Scientific classification
- Kingdom: Animalia
- Phylum: Chordata
- Class: Aves
- Order: Otidiformes
- Family: Otididae
- Genus: Sypheotides Lesson, 1839
- Species: S. indicus
- Binomial name: Sypheotides indicus (Miller, JF, 1782)
- Synonyms: Sypheotis aurita

= Lesser florican =

- Genus: Sypheotides
- Species: indicus
- Authority: (Miller, JF, 1782)
- Conservation status: CR
- Synonyms: Sypheotis aurita
- Parent authority: Lesson, 1839

Species of bird

The lesser florican (Sypheotides indicus), also known as the likh or kharmore, is the smallest in the bustard family and the only member of the genus Sypheotides.

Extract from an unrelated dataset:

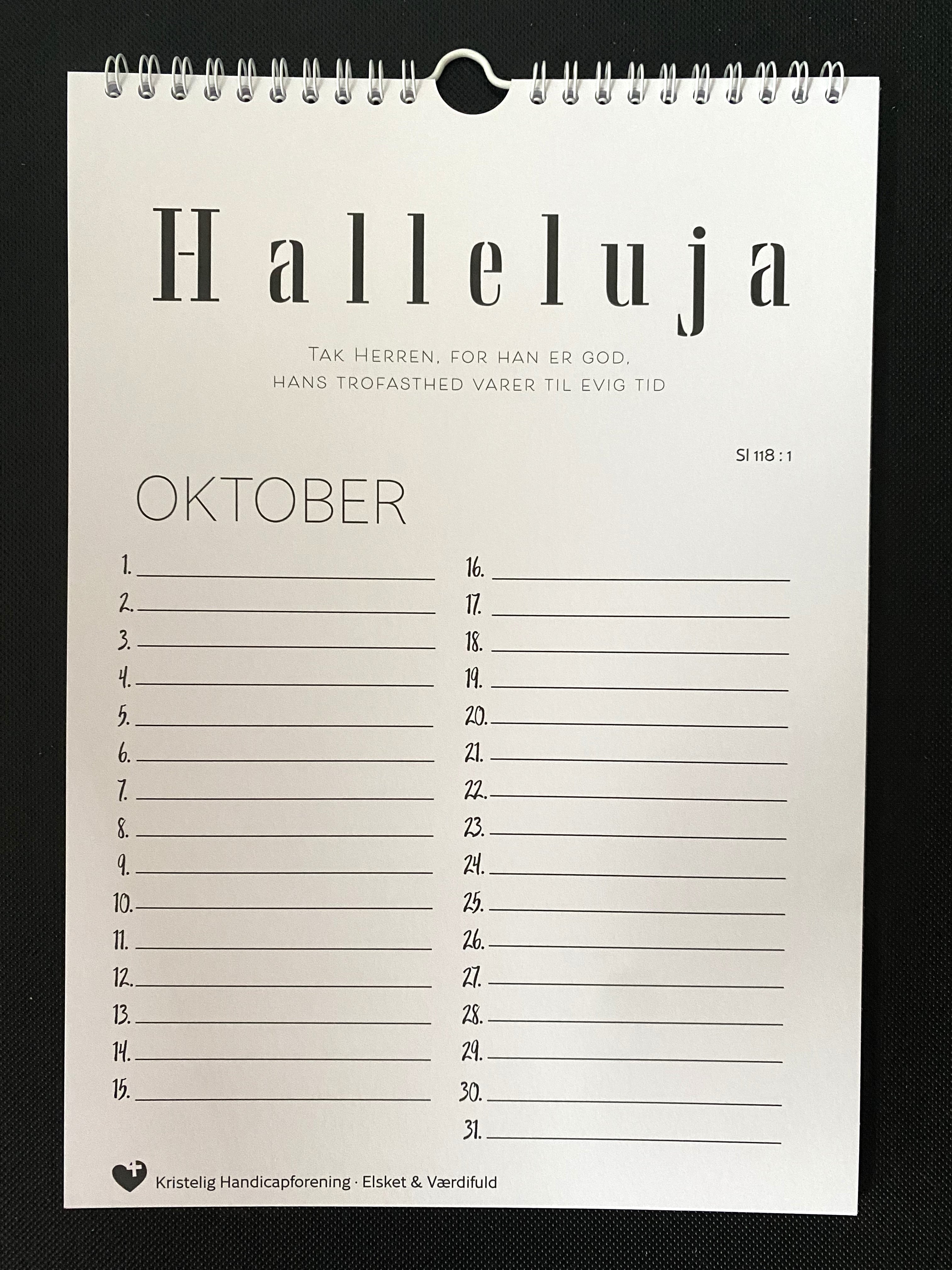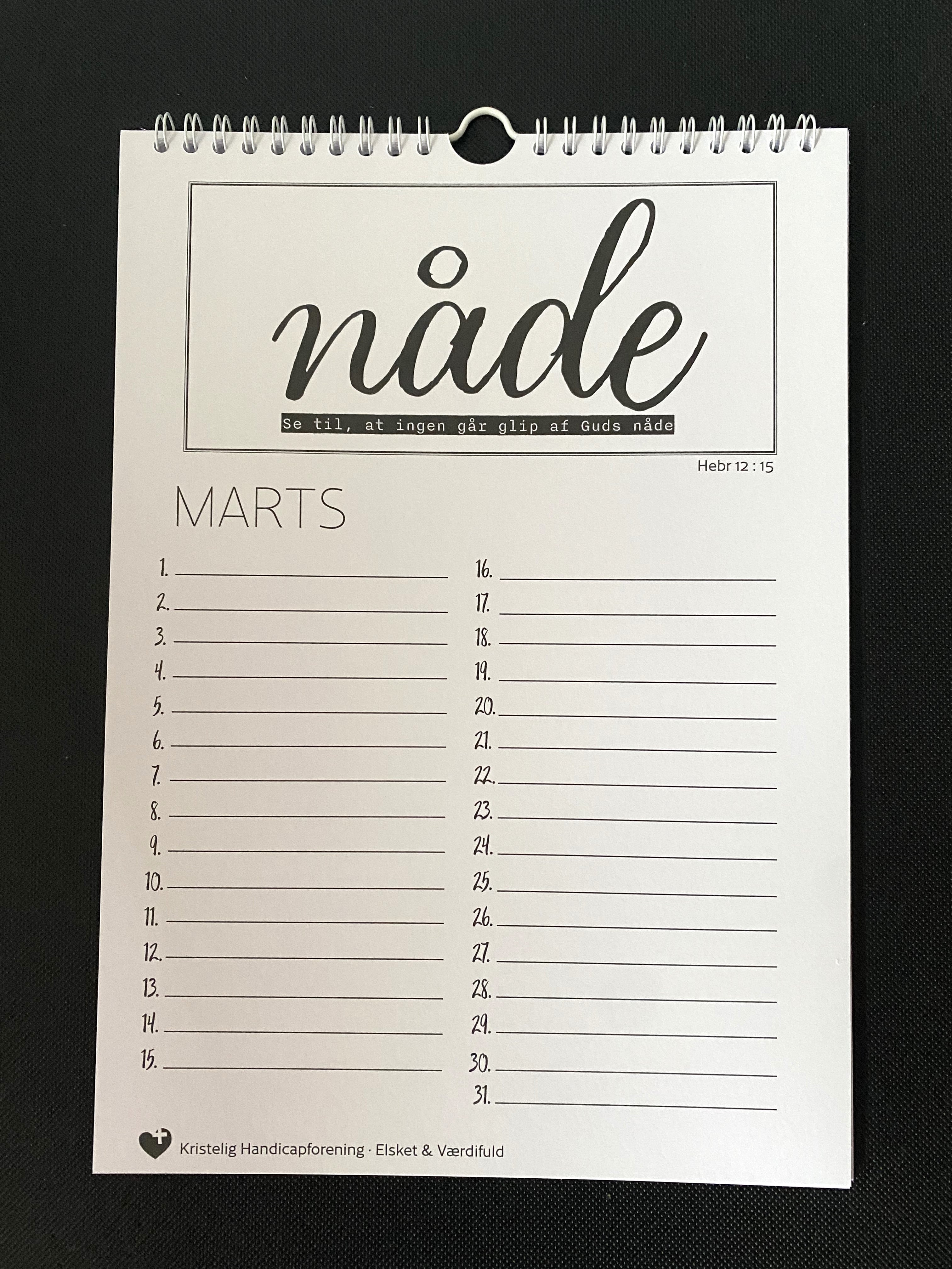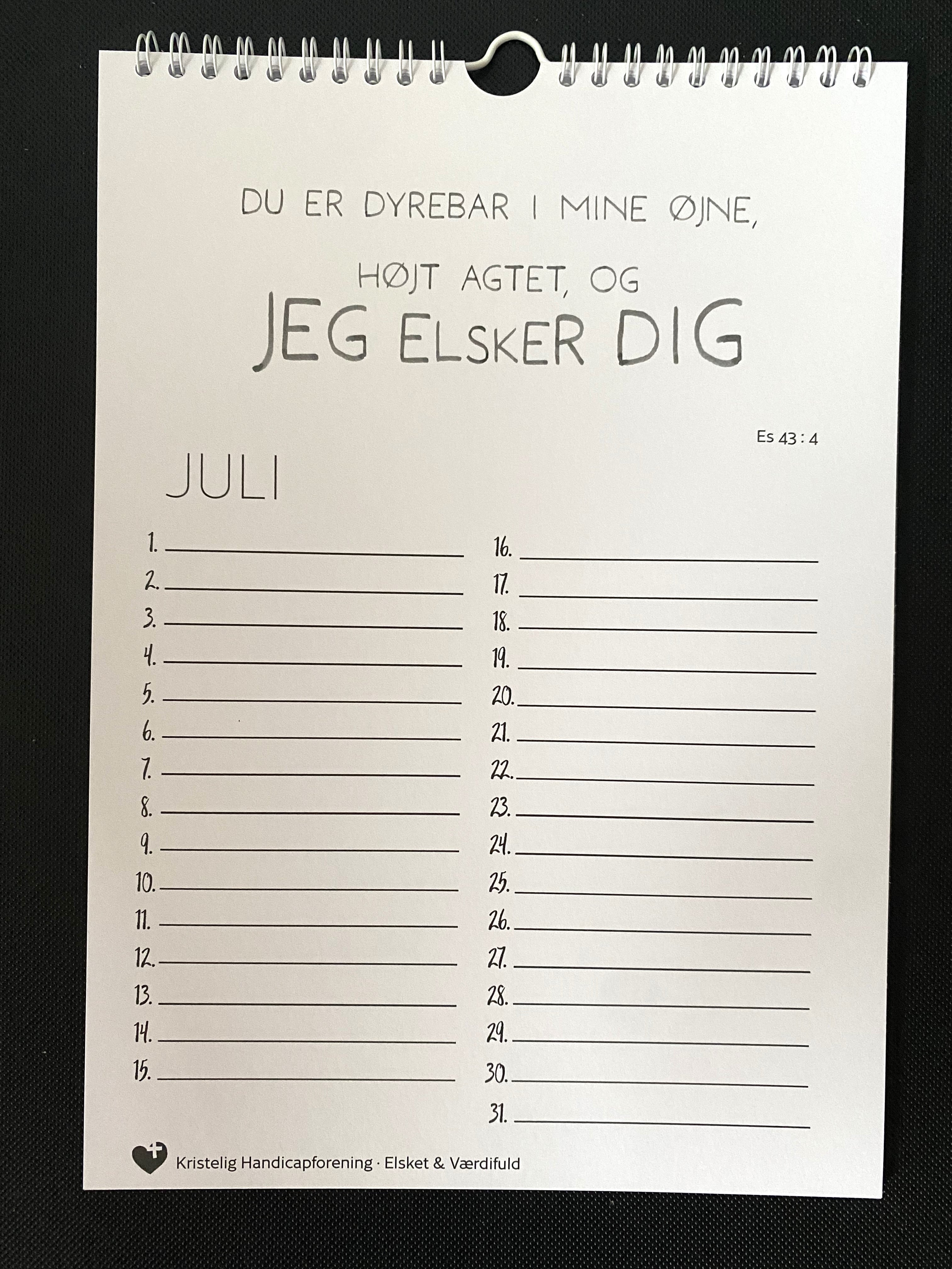Evighedskalender i kraftigt papir med forskellige opmuntrende bibelvers til hver måned sat grafisk op. Her kan du se et udpluk af nogle af kalendermånederne.

It is endemic to the Indian Subcontinent where it is found in tall grasslands and is best known for the leaping breeding displays made by the males during the monsoon season. The male has a contrasting black and white breeding plumage and distinctive elongated head feathers that extend behind the neck. These bustards are found mainly in northwestern and central India during the summer but are found more widely distributed across India in winter. The species is highly endangered and has been extirpated in some parts of its range such as Pakistan. It is threatened both by hunting and habitat degradation. The only similar species is the Bengal florican (Houbarobsis bengalensis) which is larger and lacks the white throat, collar and elongated plumes.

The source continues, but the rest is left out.